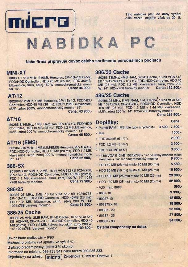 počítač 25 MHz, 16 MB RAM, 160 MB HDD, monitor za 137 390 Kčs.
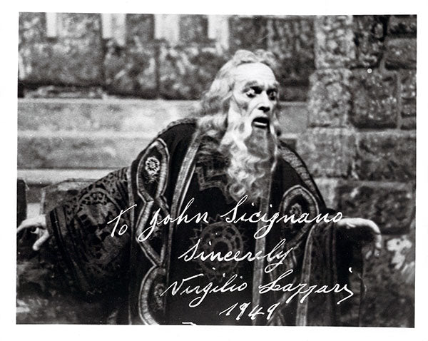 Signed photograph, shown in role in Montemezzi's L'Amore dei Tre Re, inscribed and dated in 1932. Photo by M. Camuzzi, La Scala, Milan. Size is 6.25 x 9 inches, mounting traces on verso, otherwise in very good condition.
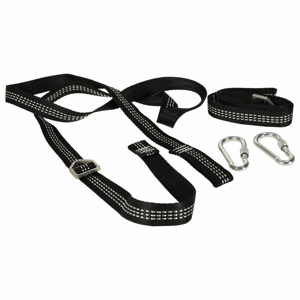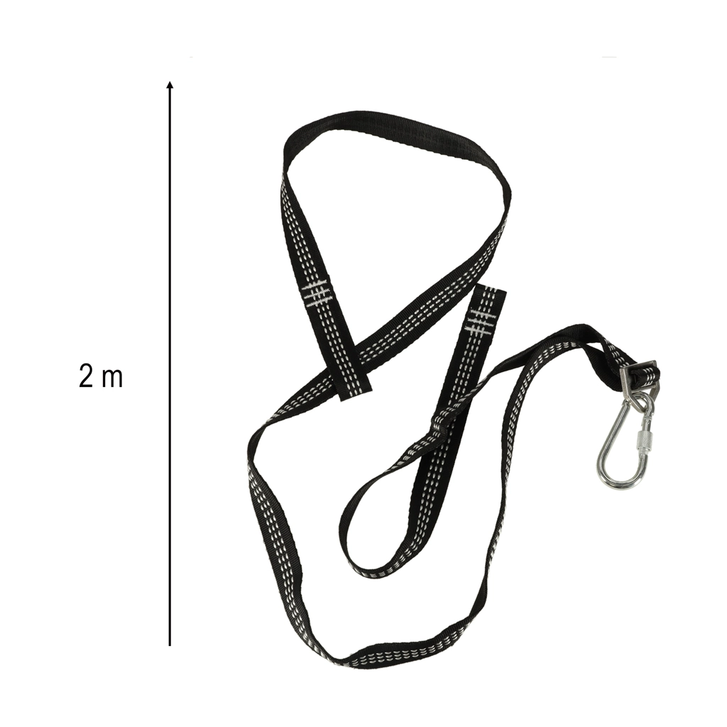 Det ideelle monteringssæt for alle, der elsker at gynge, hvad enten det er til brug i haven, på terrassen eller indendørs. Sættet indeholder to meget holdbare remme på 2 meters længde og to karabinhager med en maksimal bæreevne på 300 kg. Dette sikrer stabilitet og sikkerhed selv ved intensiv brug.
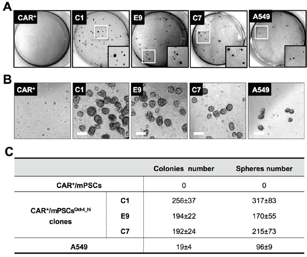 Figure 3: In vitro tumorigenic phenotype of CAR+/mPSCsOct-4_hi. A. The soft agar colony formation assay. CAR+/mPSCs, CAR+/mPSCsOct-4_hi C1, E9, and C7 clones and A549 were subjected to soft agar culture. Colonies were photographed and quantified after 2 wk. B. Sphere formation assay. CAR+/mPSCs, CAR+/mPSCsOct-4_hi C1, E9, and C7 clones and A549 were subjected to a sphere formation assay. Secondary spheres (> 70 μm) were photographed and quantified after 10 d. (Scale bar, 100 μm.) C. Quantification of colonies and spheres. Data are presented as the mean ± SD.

☆ ☆ ☆ ☆ ☆ ☆ ☆

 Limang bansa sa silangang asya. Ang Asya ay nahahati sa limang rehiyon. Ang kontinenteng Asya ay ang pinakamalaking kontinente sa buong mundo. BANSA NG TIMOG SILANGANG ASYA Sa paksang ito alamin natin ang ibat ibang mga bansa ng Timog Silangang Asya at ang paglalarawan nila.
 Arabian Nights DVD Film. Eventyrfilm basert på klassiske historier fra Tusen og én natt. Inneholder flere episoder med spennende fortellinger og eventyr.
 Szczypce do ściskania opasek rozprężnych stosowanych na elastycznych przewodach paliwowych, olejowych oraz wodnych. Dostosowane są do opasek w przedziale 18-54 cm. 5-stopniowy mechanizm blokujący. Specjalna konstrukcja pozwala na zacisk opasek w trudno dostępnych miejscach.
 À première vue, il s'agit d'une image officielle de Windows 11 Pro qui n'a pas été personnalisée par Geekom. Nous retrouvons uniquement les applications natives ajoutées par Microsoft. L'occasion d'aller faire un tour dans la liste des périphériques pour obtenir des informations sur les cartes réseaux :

☆ ☆ ☆ ☆ ☆ ☆ ☆

Treat the line with "Det ideelle monteringssæt" as the start and the line with "Figure 3: In" as the end, and return exactly that span of the data above, both ends included, without pictures.

 Det ideelle monteringssæt for alle, der elsker at gynge, hvad enten det er til brug i haven, på terrassen eller indendørs. Sættet indeholder to meget holdbare remme på 2 meters længde og to karabinhager med en maksimal bæreevne på 300 kg. Dette sikrer stabilitet og sikkerhed selv ved intensiv brug.
 Figure 3: In vitro tumorigenic phenotype of CAR+/mPSCsOct-4_hi. A. The soft agar colony formation assay. CAR+/mPSCs, CAR+/mPSCsOct-4_hi C1, E9, and C7 clones and A549 were subjected to soft agar culture. Colonies were photographed and quantified after 2 wk. B. Sphere formation assay. CAR+/mPSCs, CAR+/mPSCsOct-4_hi C1, E9, and C7 clones and A549 were subjected to a sphere formation assay. Secondary spheres (> 70 μm) were photographed and quantified after 10 d. (Scale bar, 100 μm.) C. Quantification of colonies and spheres. Data are presented as the mean ± SD.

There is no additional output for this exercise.